■ Source data ■
================================

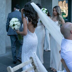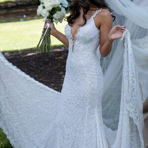 It is simply divine, elegant and timeless. The honest reason why I'm selling this is because it's too much of a beautiful gown to be sitting in a box forever. I hope that the next woman who wears this feels just as beautiful as I did on their wedding day.
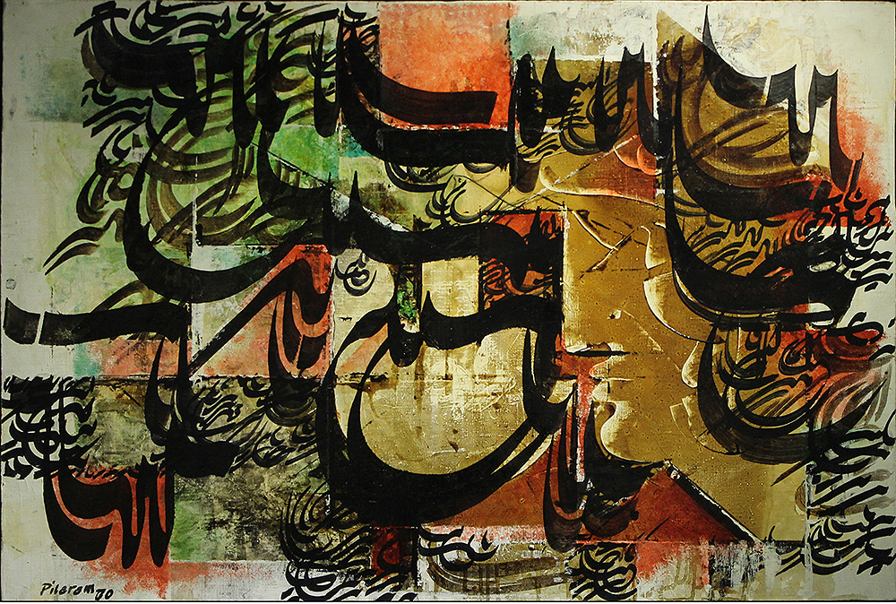 پیلارام همواره در پی به تصویر کشیدن نمادهای اصیل ایرانی بود. در کارهای اولیه اش مُهرهایی را که در قدیم به جای امضاء از آن استفاده میکردند، بزرگ نمایی کرد و زمینهای کتیبه گونه به وجود آورد و در آن نمادهای مذهبی، مانند عَلَم و پنجه، را با اشکال هندسی درآمیخت. او با علاقه و توجه به هنرهای سنّتی ایرانی، نظیر کاشیکاری و در مسیر یافتن راههای نو برای «ترکیب بندی» های جدید، و دریافت این مطلب که خط فارسی، بویژه نستعلیق، در تلفیق با نقاشی ویژگی ممتازی به تابلوها میبخشد، به آموختن خطاطی در انجمن خوشنویسان پرداخت و سپس مدتی در آنجا تدریس کرد.
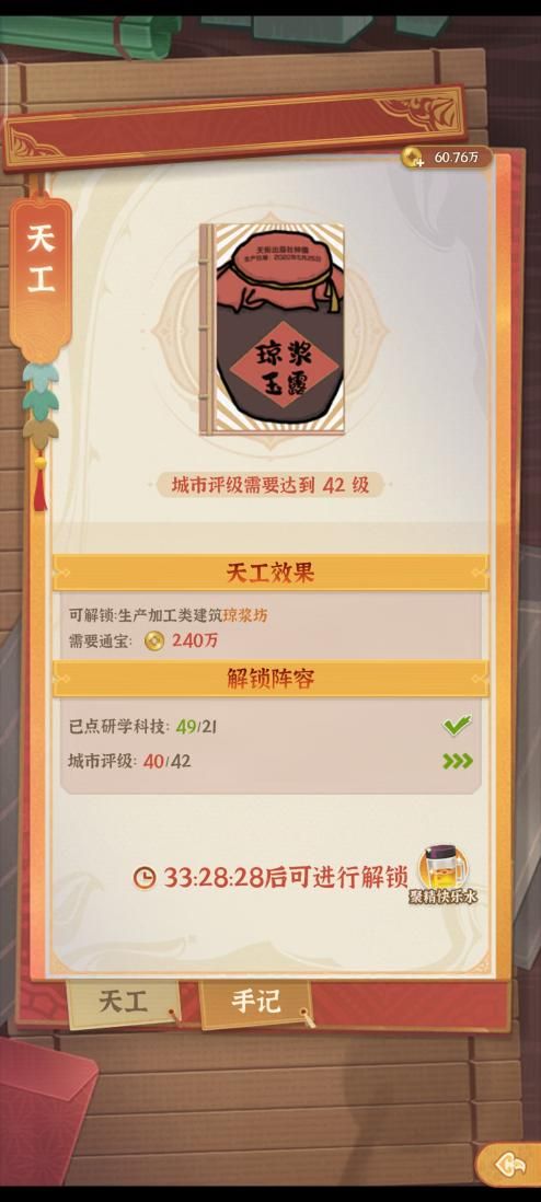 值得注意的是,在天工阁每解锁完一次建筑,都需要等待一定的时间才能解锁下一个建筑,如若想加快进程,可通过聚精快乐水来缩短时间。
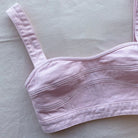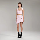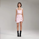 SELF-PORTRAIT LIGHT PINK DENIM CROPPED TOP
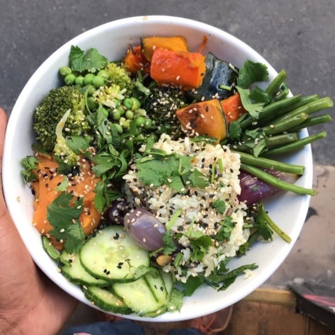 Jah Jah, c’est le deuxième bébé de l’équipe du Tricycle, qui nous avait déjà ouvert les portes d’un monde nouveau avec leurs hot dogs vegan. Et ici ? C’est grand, il y a de la place et une carte de délices taillée pour tout partager : choux fleurs panés sauce barbecue, des légumes et des fraises roulés dans une feuille d’algues, façon maki, qu’on trempe dans une sauce coco cacahuète, des bananes plantain sauce avocat et… leur hot dog coriandre saucisse végétale. Tu n’aimes pas partager ? Commande un bol « cru » ou « froid » en solo. Bilan : c’est vraiment bon et ça nous prouve une nouvelle fois qu’on peut être vegan, adorer la bouffe et ne pas bouder la quantité. PS: ici on sait, vivre, on prend son temps, donc pas forcément LE meilleur plan quand on est pressé.
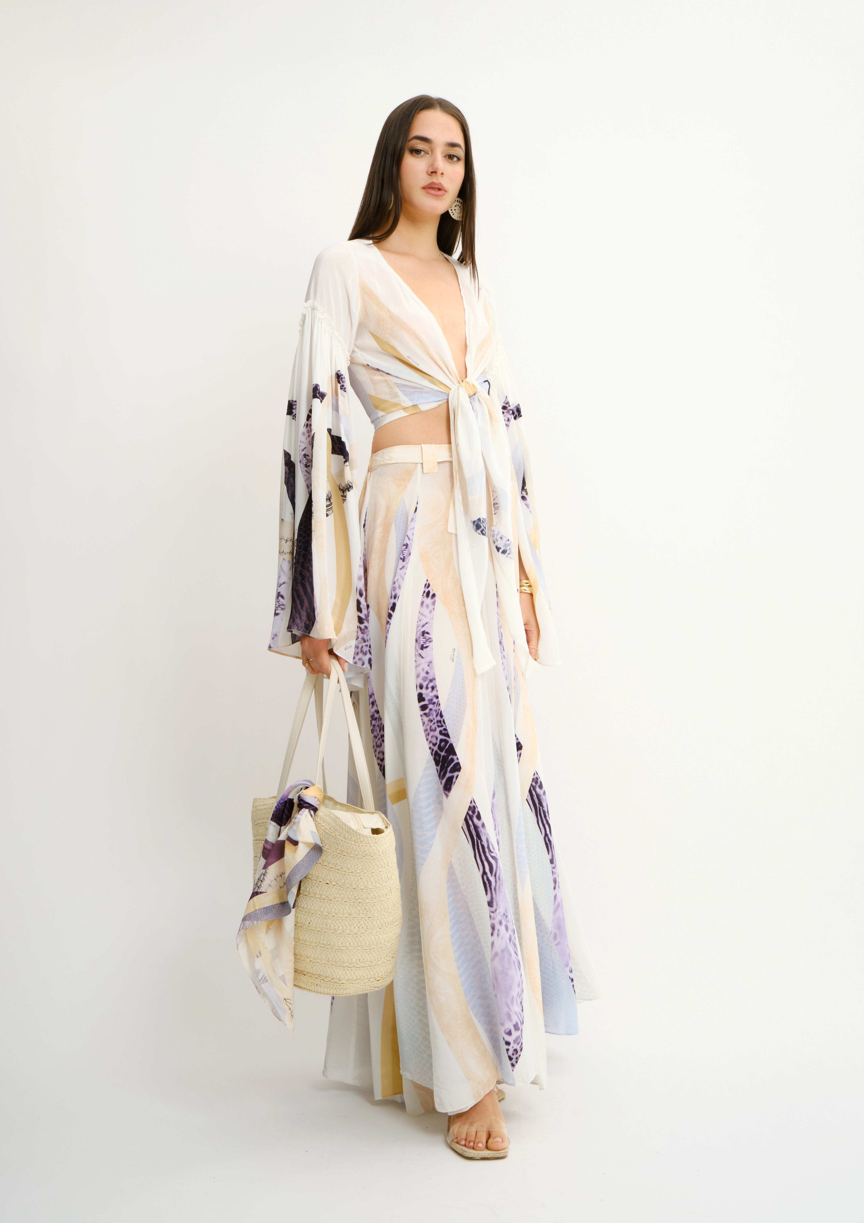Flowing crepe maxi skirt with an adjustable belt that defines the waist and flatters your silhouette. The natural fabric drapes beautifully, creating movement with every step. Perfect for effortless elegance, whether styled for evening occasions or refined daytime wear. A versatile piece that transitions seamlessly from season to season.
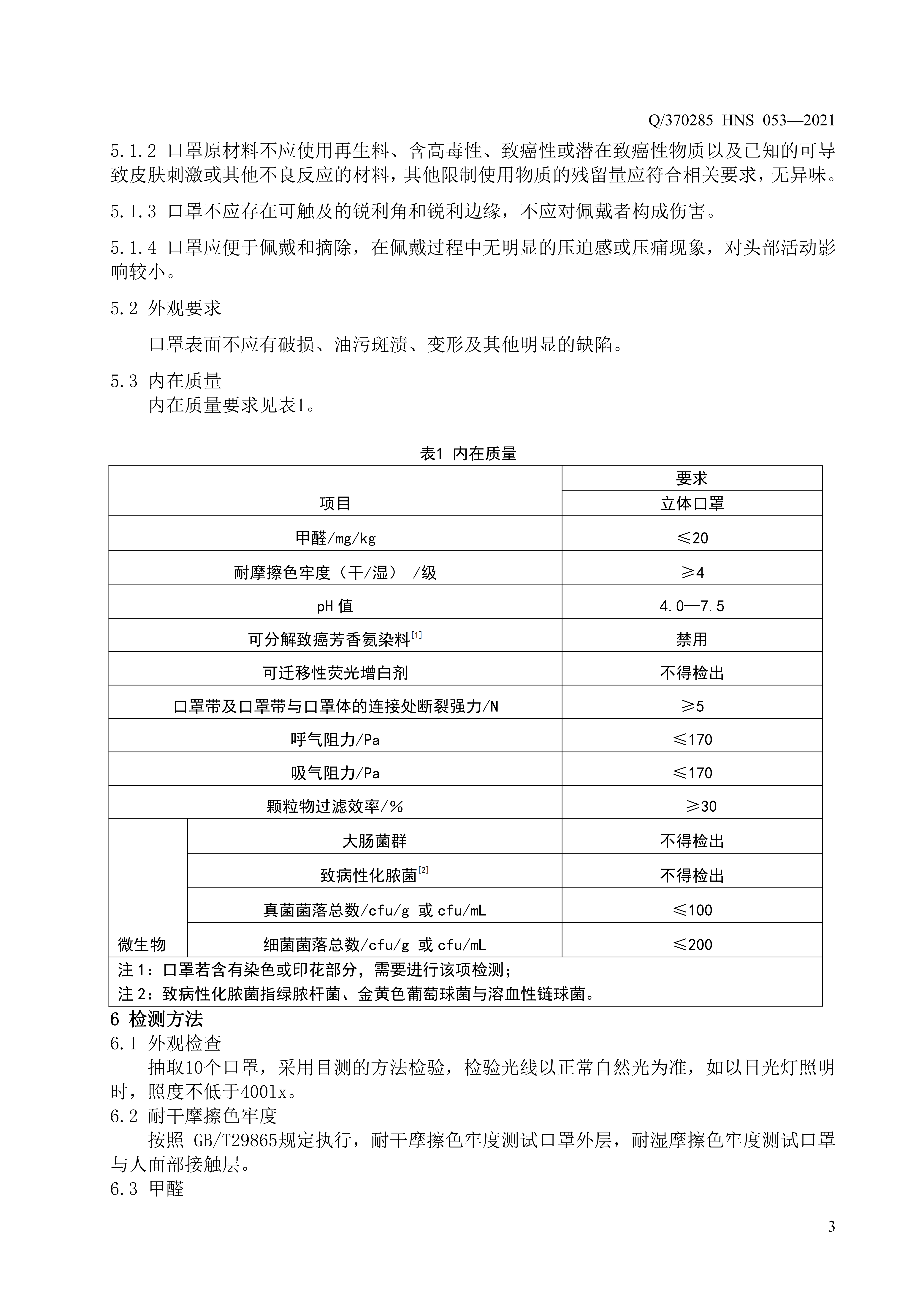 青島海諾生物工程有限公司企業(yè)標準 — 一次性使用兒童口罩

================================

■ What you have to do ■
The result should be the full listing, retyped exactly and free of pictures.

■ Answer ■
 It is simply divine, elegant and timeless. The honest reason why I'm selling this is because it's too much of a beautiful gown to be sitting in a box forever. I hope that the next woman who wears this feels just as beautiful as I did on their wedding day.
 پیلارام همواره در پی به تصویر کشیدن نمادهای اصیل ایرانی بود. در کارهای اولیه اش مُهرهایی را که در قدیم به جای امضاء از آن استفاده میکردند، بزرگ نمایی کرد و زمینهای کتیبه گونه به وجود آورد و در آن نمادهای مذهبی، مانند عَلَم و پنجه، را با اشکال هندسی درآمیخت. او با علاقه و توجه به هنرهای سنّتی ایرانی، نظیر کاشیکاری و در مسیر یافتن راههای نو برای «ترکیب بندی» های جدید، و دریافت این مطلب که خط فارسی، بویژه نستعلیق، در تلفیق با نقاشی ویژگی ممتازی به تابلوها میبخشد، به آموختن خطاطی در انجمن خوشنویسان پرداخت و سپس مدتی در آنجا تدریس کرد.
 值得注意的是,在天工阁每解锁完一次建筑,都需要等待一定的时间才能解锁下一个建筑,如若想加快进程,可通过聚精快乐水来缩短时间。
 SELF-PORTRAIT LIGHT PINK DENIM CROPPED TOP
 Jah Jah, c’est le deuxième bébé de l’équipe du Tricycle, qui nous avait déjà ouvert les portes d’un monde nouveau avec leurs hot dogs vegan. Et ici ? C’est grand, il y a de la place et une carte de délices taillée pour tout partager : choux fleurs panés sauce barbecue, des légumes et des fraises roulés dans une feuille d’algues, façon maki, qu’on trempe dans une sauce coco cacahuète, des bananes plantain sauce avocat et… leur hot dog coriandre saucisse végétale. Tu n’aimes pas partager ? Commande un bol « cru » ou « froid » en solo. Bilan : c’est vraiment bon et ça nous prouve une nouvelle fois qu’on peut être vegan, adorer la bouffe et ne pas bouder la quantité. PS: ici on sait, vivre, on prend son temps, donc pas forcément LE meilleur plan quand on est pressé.
Flowing crepe maxi skirt with an adjustable belt that defines the waist and flatters your silhouette. The natural fabric drapes beautifully, creating movement with every step. Perfect for effortless elegance, whether styled for evening occasions or refined daytime wear. A versatile piece that transitions seamlessly from season to season.
 青島海諾生物工程有限公司企業(yè)標準 — 一次性使用兒童口罩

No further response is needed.